Métis de deux sociétés, il a trop pris de chacune pour être acceptable à aucune. Contradiction apparemment insoluble. Il va la résoudre en fabriquant du plus avec du moins, en transformant ses handicaps en atouts. Opération possible à condition de se situer à un niveau d’extraordinaire modestie. Car s’il a rêvé jadis – nous n’en savons rien – d’être le Lénine de l’Égypte, ou plus récemment de s’insérer dans le jeu politique français à un niveau de direction – c’est peu probable –, ces ambitions sont désormais obsolètes. Il sera homme charnière.
« Il sait ce qu’est le tiers-monde : il y est né. Il n’a pas appris sa détresse à travers des chiffres mais dans la puanteur de la maladie et de la mort. »
Il sait ce qu’est le tiers-monde : il y est né. Il n’a pas appris sa détresse à travers des chiffres mais dans la puanteur de la maladie et de la mort. (Hazan : « Ne jamais oublier que c’est la misère du peuple égyptien qui l’a conduit à la politique. ») Il a découvert la violence du sentiment national dans une prison où d’honorables patriotes égyptiens souhaitaient la victoire de Hitler sur Churchill. Il sait les pesanteurs et les lenteurs de l’Histoire, et ses détours. Il a éprouvé la difficulté de construire une organisation politique illégale à partir du néant, avec des militants riches d’enthousiasme, démunis d’expérience. La part faite aux spécificités exotiques, son vécu lui ouvre le dialogue avec n’importe quel militant du tiers-monde ; sa pratique l’introduit de plain-pied dans la difficulté d’être d’un mouvement de libération nationale d’Afrique ou d’Amérique latine.

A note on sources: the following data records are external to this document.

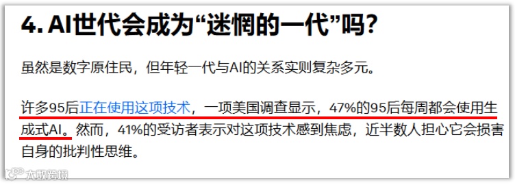 世界经济论坛2026年1月的报告指出,一项美国调查显示,47%的95后每周都会使用生成式AI。
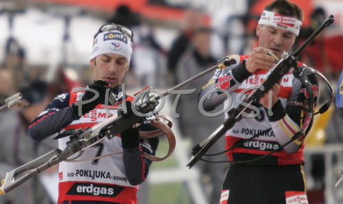 Pokljuka ,Slovenia - 20.01.2007 : Third placed Vincent Defrasne of France (L) and 7th placed Sven Fischer of Germany (R) getting ready for third shooting in men pursuit race on Pokljuka, Slovenia. IBU Biathlon World Cup sprint race was held on Pokljuka, Slovenia on 20th of January 2007. Photo by: Primoz Jeroncic/PhotoSI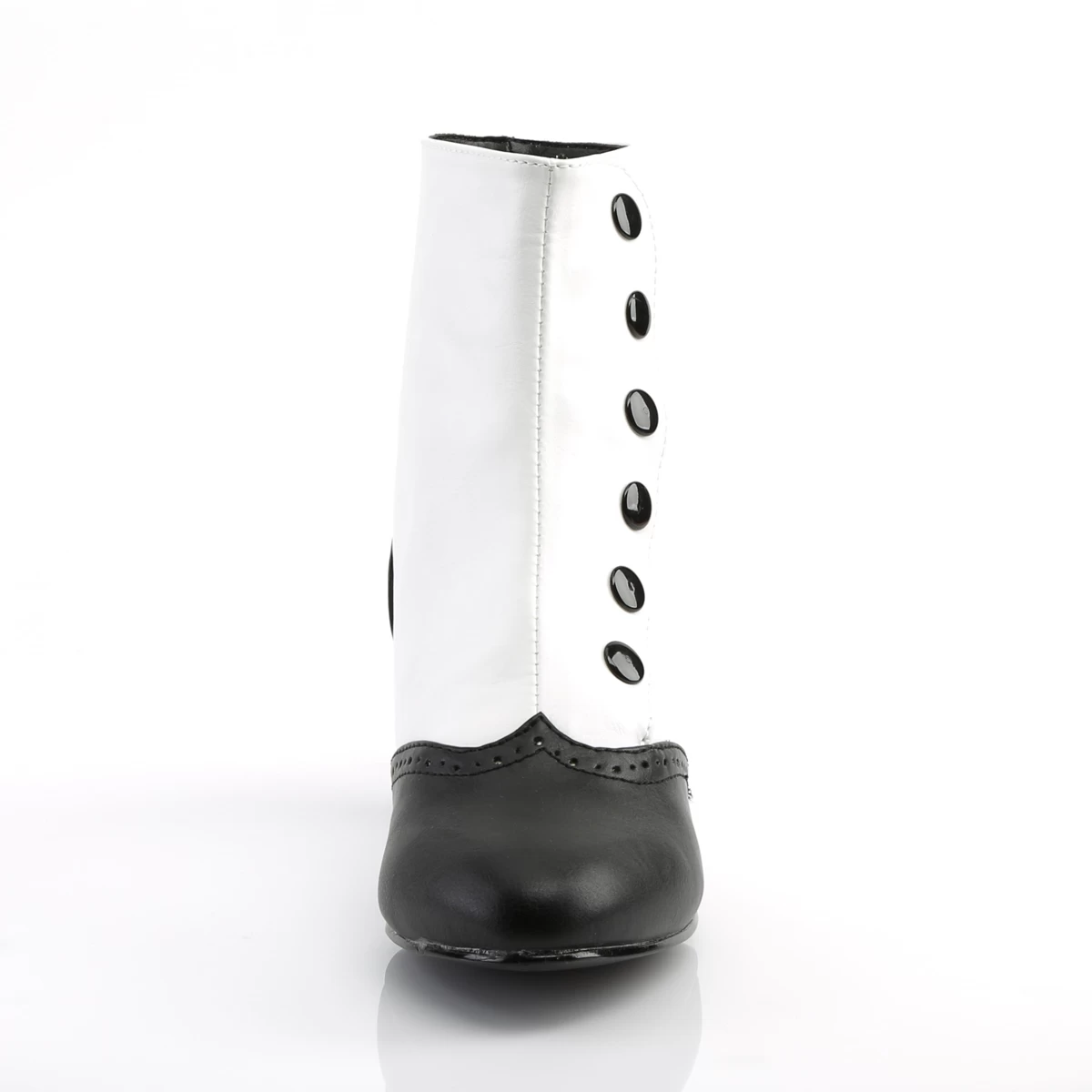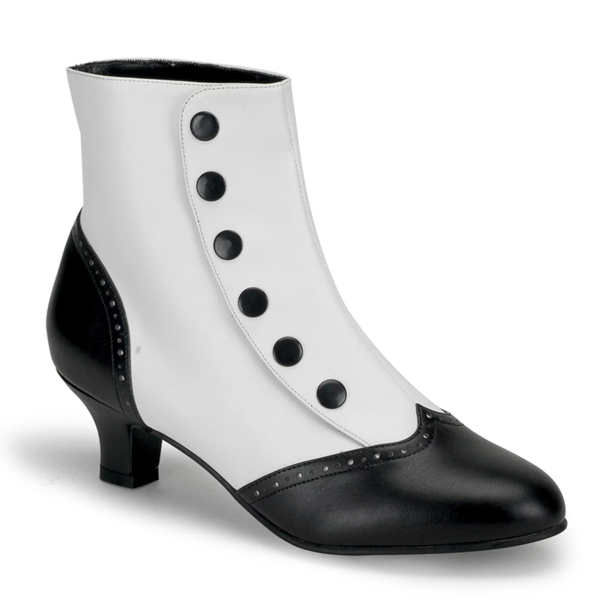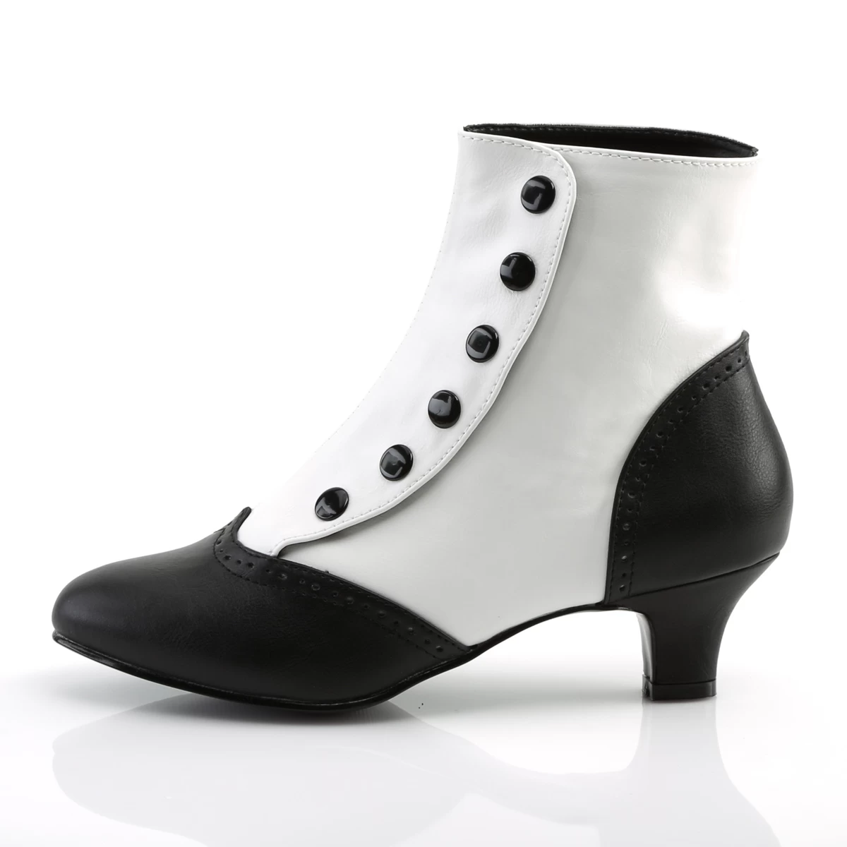 2″” (5.1cm) Heel, Two-Tone Button Snap Spat Ankle Boot, No Zipper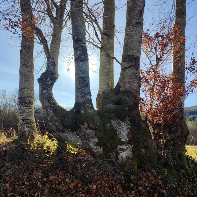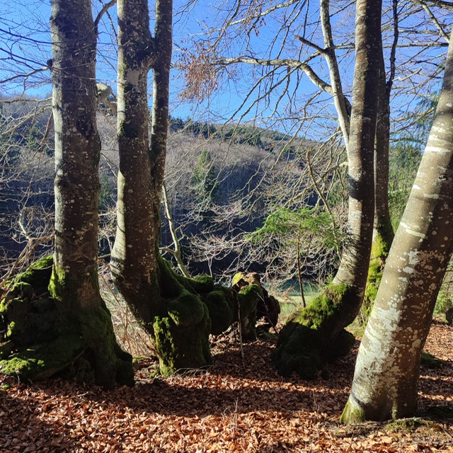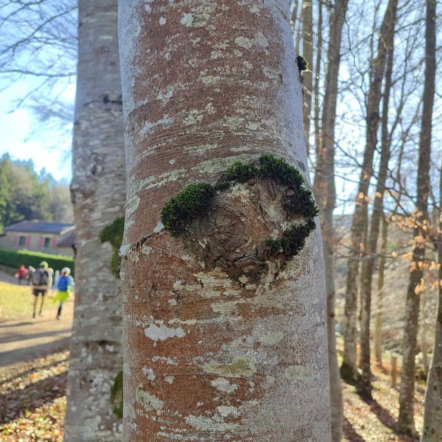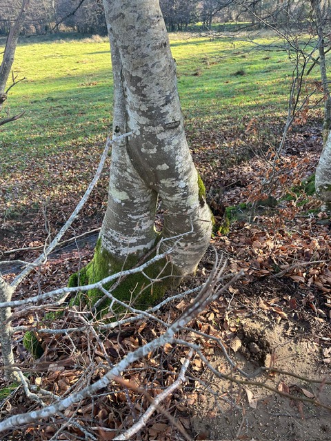 Nous avons pu découvrir de vrais trésors d’art sculptural comme ces hêtres remarquables ou une “baisure” … ( occasion pour nous de nous instruire dans l’hilarité générale causée par les explications de Pascal notre spécialiste des arbres 😂).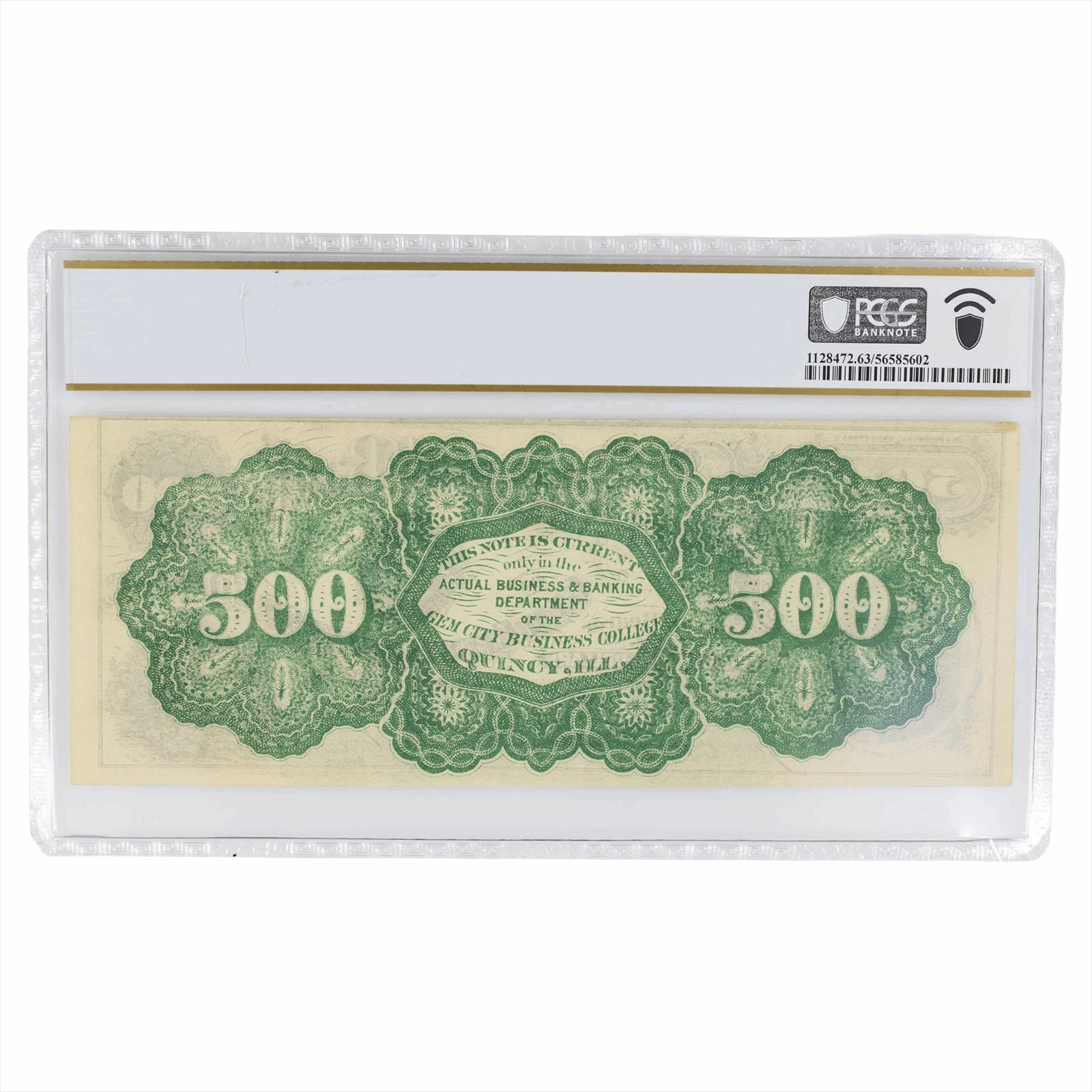 1873 $500 Gem City Business College Currency Quincy, IL PCGS Choice UNC 63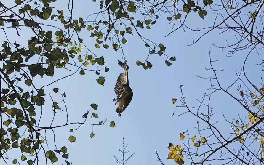 夜鹭被渔线缠住困在树枝上。图源:房山警方

Il est aussi, par sa formation intellectuelle et grâce à ses immenses lectures, le dépositaire de l’expérience révolutionnaire accumulée en Europe, singulièrement en France. Il côtoie depuis dix ans des hommes et des femmes qui ont appris la clandestinité sous l’occupation nazie. Il est à Fresnes avec des jeunes rôdés à la militance illégale. Il a pu apprécier à quel point l’aide technique du réseau avait multiplié l’efficacité du FLN. De là l’idée de créer une organisation procurant aux mouvements de libération du tiers-monde les moyens et techniques accumulés en Europe. […] Elle s’appellera Solidarité.